Все началось с переезда в этот проклятый дом!
Больше всего на свете я ненавижу — и, видимо, ненавидел и в прошлой жизни, потому что склонен верить в теорию реинкарнации, — переезды и все с ними связанное. Даже малейшее отклонение от привычного распорядка дня заставляет меня проваливаться в глубокую пропасть, полную разочарований, выбраться из которой мне удается лишь за счет колоссальных усилий по преодолению себя самого. Но мой недалекий спутник жизни Густав и ему подобные с большой радостью меняли бы кров каждую неделю. Они создают безумный культ жилья, даже обращаются за советом в специальные журналы (которые, как правило, побуждают их к дальнейшим переездам), затевают жаркие споры до глубокой ночи по поводу обстановки, вцепляются друг другу в волосы из-за полезной для здоровья формы стульчака и постоянно выискивают все новые и новые места обитания. В Соединенных Штатах человеку следует до тридцати раз поменять место жительства за всю свою жизнь. То, что при этом его сознанию наносится непоправимый ущерб, для меня вне всякого сомнения. Дурную привычку я объясняю тем, что этим жалким идиотам не хватает чувства внутреннего покоя и они пытаются восполнить его недостаток непрестанной сменой жилья. Итак, мы имеем дело с запущенным неврозом навязчивых идей. Потому что Творец всего сущего дал людям руки и ноги вовсе не только для того, чтобы они таскали с места на место мебель и посуду.
Но все же должен признать, что наша старая квартира действительно имела свои странности. Чего стоят хотя бы миллиарды ступеней, по которым денно и нощно нужно было подниматься и спускаться, чтобы не уподобиться состоянию Робинзона Крузо в большом городе. Здание хотя и было построено не так давно, но архитектор явно считал изобретение лифта происками дьявола и потому обрек жителей своей Вавилонской башни на консервативный способ передвижения внутри дома.

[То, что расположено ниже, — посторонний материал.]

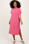 Pink Pointelle Contrast Trim Sweater Midi Dress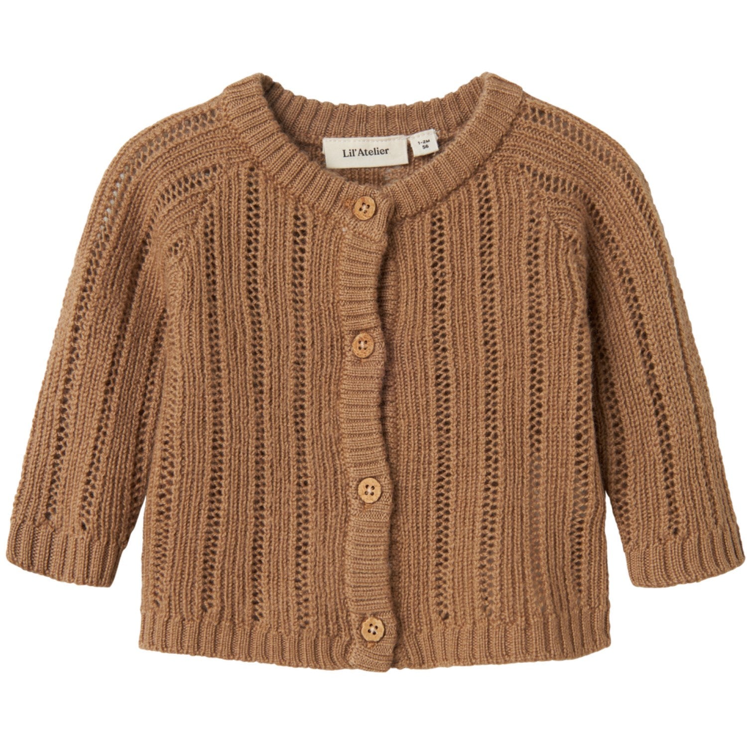 Denne cardiganen er ikke bare praktisk, men også utrolig stilig med sin tidløse design. Den vil enkelt kunne kombineres med ulike plagg i barnets garderobe, noe som gjør den til en allsidig og verdifull tilføyelse. Gi barnet ditt komforten det fortjener med Lil'Atelier cardiganen, samtidig som du tilfører et snev av eleganse til hverdagsantrekkene.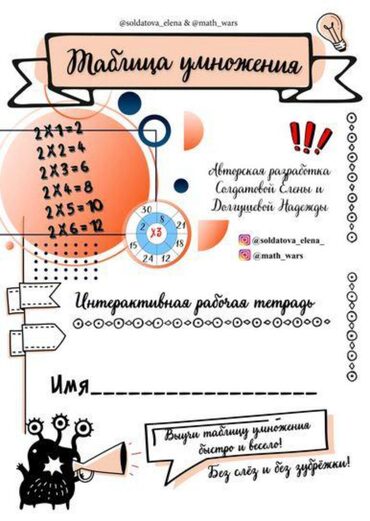 Да, Вы можете получить получить бесплатно фрагмент курса «Таблица умножения. Авторская рабочая тетрадь», просто напишите на почту или в телеграм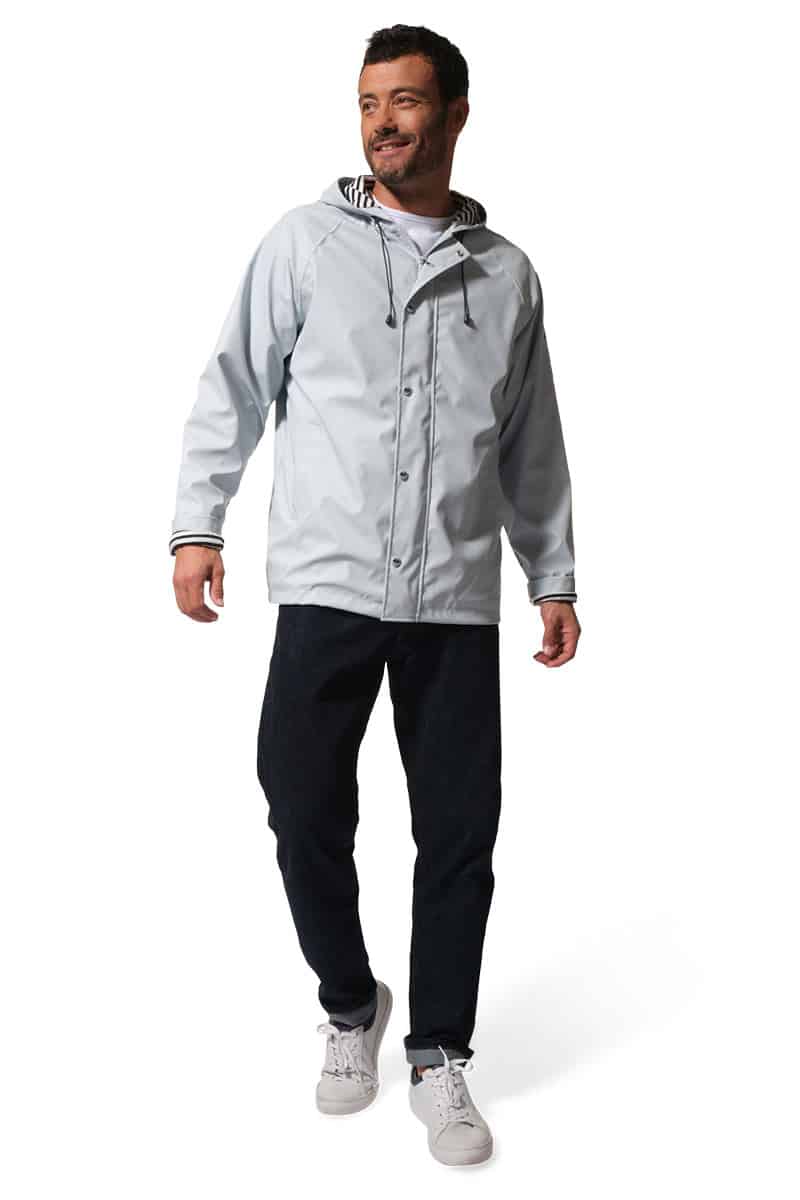 Description : Ciré aux coutures étanches avec capuche et fermeture par zip et par pressions.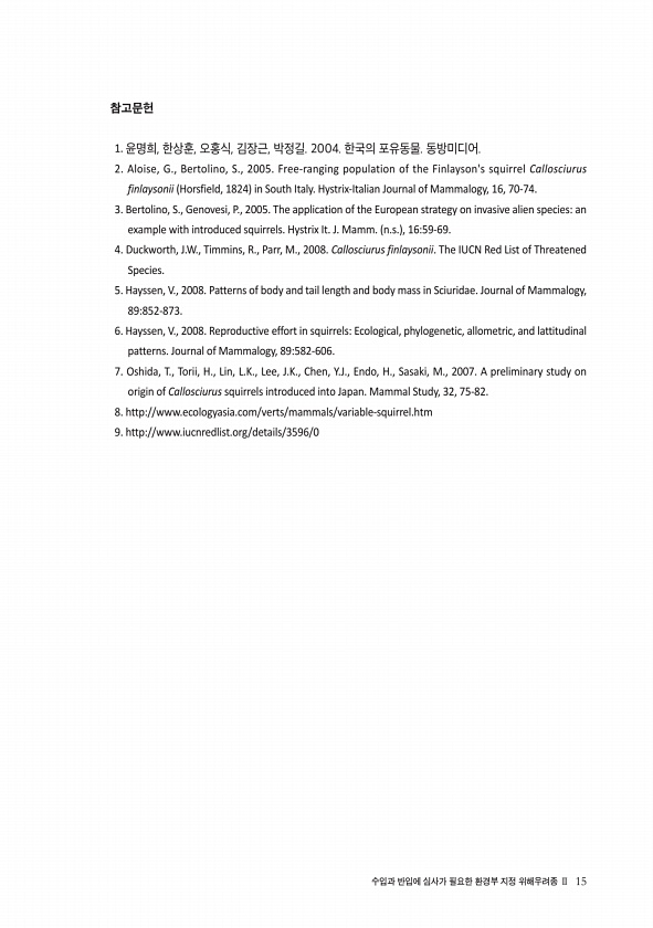 수입과 반입에 심사가 필요한 환경부 지정 위해우려종 Ⅱ 15 참고문헌 1. 윤명희, 한상훈, 오홍식, 김장근, 박정길. 2004. 한국의 포유동물. 동방미디어. 2. Aloise, G., Bertolino, S., 2005. Free-ranging population of the Finlaysons squirrel Callosciurus finlaysonii Horsfield, 1824 in South Italy. Hystrix-Italian Journal of Mammalogy, 16, 70-74. 3. Bertolino, S., Genovesi, P., 2005. The application of the European strategy on invasive alien speciesan example wi...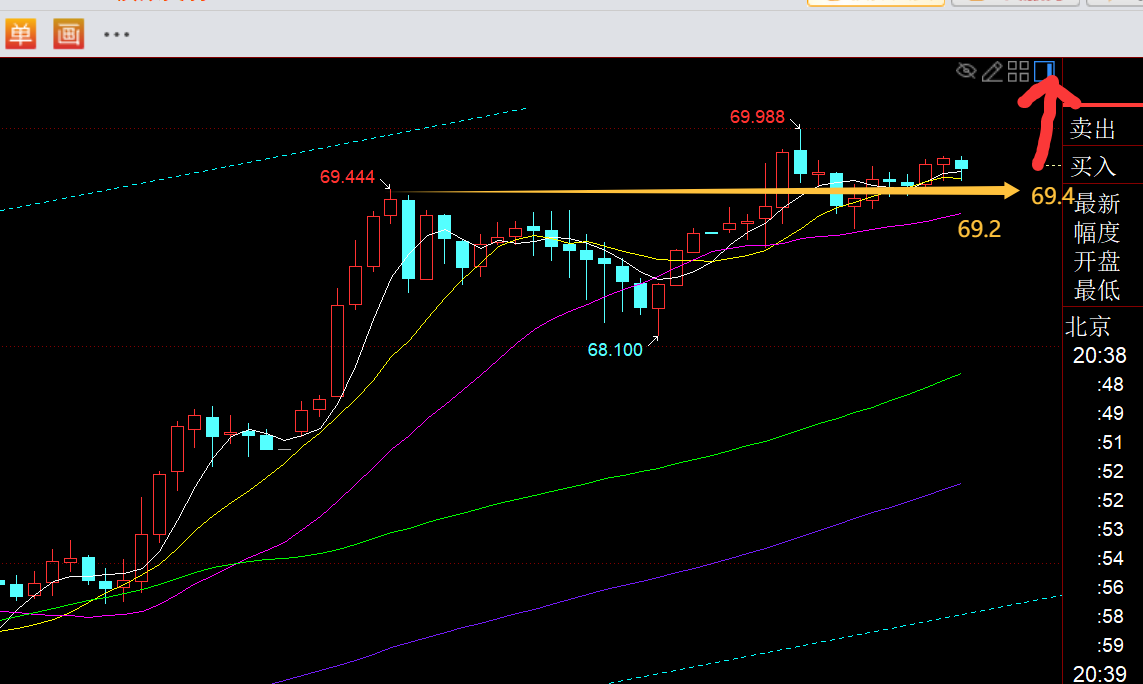 白银方面: 它也是继续维持单边强势看涨,当突破小时线中轨之后,则回踩确认继续看涨,今晚支撑69.2上,顶底支撑69.4也有,上方目标继续看70、71等;风水岭则是69,若失守,则转为震荡修正;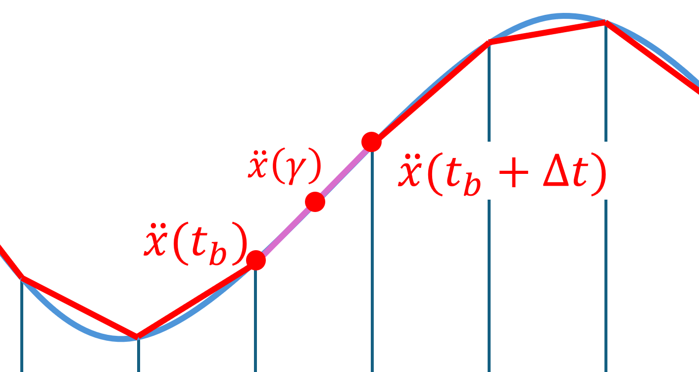 加速度曲線において、$\ddot{x}(t_b)$と$\ddot{x}(t_b+\Delta t)$を内分する$\ddot{x}(\gamma)$を考える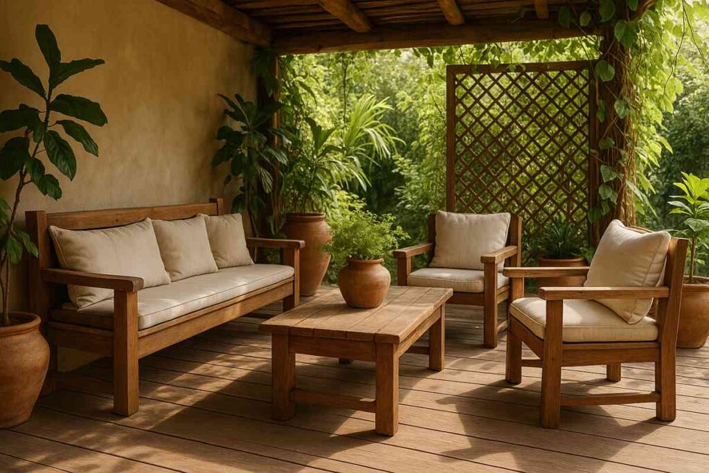 No entanto, a grande desvantagem é a manutenção constante. Diferente da fibra sintética, móveis de madeira exigem proteção contra sol, chuva e umidade. Verniz, óleo ou seladores precisam ser reaplicados com frequência.
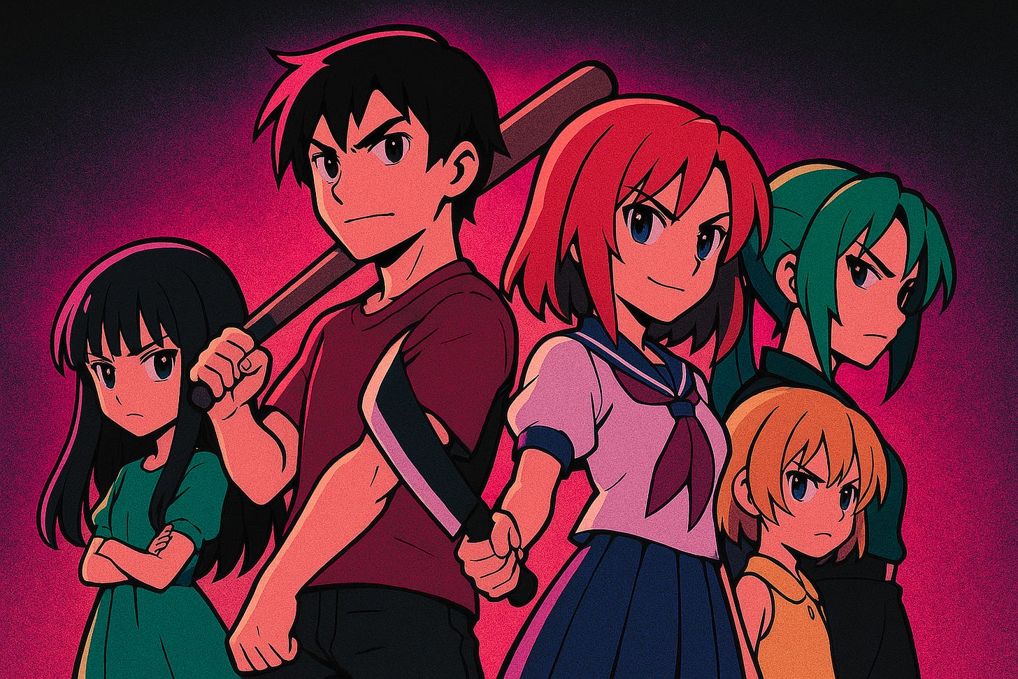 I gathered them in the Furude shrine, my heart pounding so hard I thought it would break through my ribs. Keiichi, Rena, Mion, Shion, and Satoko. My dearest friends, and in so many timelines, my murderers.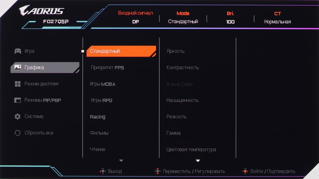 Aorus FO27Q5P — это игровой монитор очень высокого класса. Технология OLED в ее разновидности QD-OLED, с помощью которой формируется изображение на экране данного монитора, позволяет получить картинку высочайшего качества с настоящим черным цветом, насыщенными яркими цветами, отличными углами обзора и без каких-либо артефактов в динамике. У монитора большой экран с высоким разрешением, есть поддержка частоты обновления до 500 Гц включительно, AMD FreeSync Premium Pro и Nvidia G-Sync Compatible, а также отличная реализация HDR. Традиционно для игровых мониторов Gigabyte, присутствует набор игровых функций, часть из которых работает совместно со специальным ПО. Дополнительно монитор выделяет статичная или динамичная многоцветная многозонная подсветка на задней панели. Монитор хорош для любых игр и, например, для просмотра кино.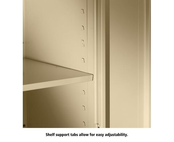 Shelves adjust in 2" increments. Heavy-steel construction with leaf hinges and reinforced doors stand up to a lifetime of heavy use. Handle on right-hand door activates the three-point locking system to keep belongings secure. Raised base keeps contents from contacting moisture from the floor. Available in 3 models--storage, wardrobe and combination. Available in Black, Champagne/Putty, Sand, Light Gray and Medium Gray. FOB Shipping Point.

Ко всему прочему квартира была тесной. То есть для меня и Густава она была достаточно большой, но нас не провести, с годами человек становится все требовательнее. Хочет жить просторно и уютно, богато и со вкусом, ну, всем это известно. У молодых бунтарей есть прекрасные идеалы, но пока еще нет отличных квартир. Но если у человека и позже так и нет комфортабельной квартиры и приходится признаться себе самому, что за все это время не стал даже выдающимся бунтарем, что же ему тогда остается? Годовая подписка на журнал «Красивый дом»!
Итак, мы переехали в этот проклятый дом!
Когда я впервые увидел его через заднее стекло «ситроена СХ-200», то сперва подумал, что Густав позволил себе глупо подшутить, с учетом его крайне слаборазвитого юмора это едва ли удивило бы меня. Правда, уже несколько месяцев я слышал что-то о «старом здании», «ремонте» и «затратах времени», но Густав так же разбирается в ремонте дома, как жираф в биржевых спекуляциях, поэтому я решил, что речь идет лишь о том, чтобы прибить к двери табличку с фамилией. Но теперь, к моему ужасу, выяснилось, что он действительно имел в виду «старое здание».
Район, правда, был самый респектабельный, здесь было даже романтично. Зубному врачу пришлось бы вкрутить своим жертвам целую уйму вставных зубов на штифтах, чтобы иметь возможность въехать сюда. Однако именно печальное строение, в котором нам предстояло поселиться в ближайшем будущем, торчало как вставной зуб среди остальных кукольных домиков рубежа веков. В уютном ряду аккуратной улицы, обсаженной деревьями, с которой особенно плохо вязался безумный дух ремонта волшебников амортизации, эти величественные развалины производили такое впечатление, будто они материализовались только благодаря силе воображения автора фильмов ужасов. Это была единственная развалюха на улице, и я судорожно старался перестать строить догадки, почему это так. Вероятно, владелец долгие годы искал дурака, который вообще отважится переступить порог этой руины. Мы войдем внутрь, и потолок рухнет на наши головы. Густав был не из тех, кто способен побить рекорд в тесте на интеллект, но мера его глупости мне стала очевидна лишь теперь.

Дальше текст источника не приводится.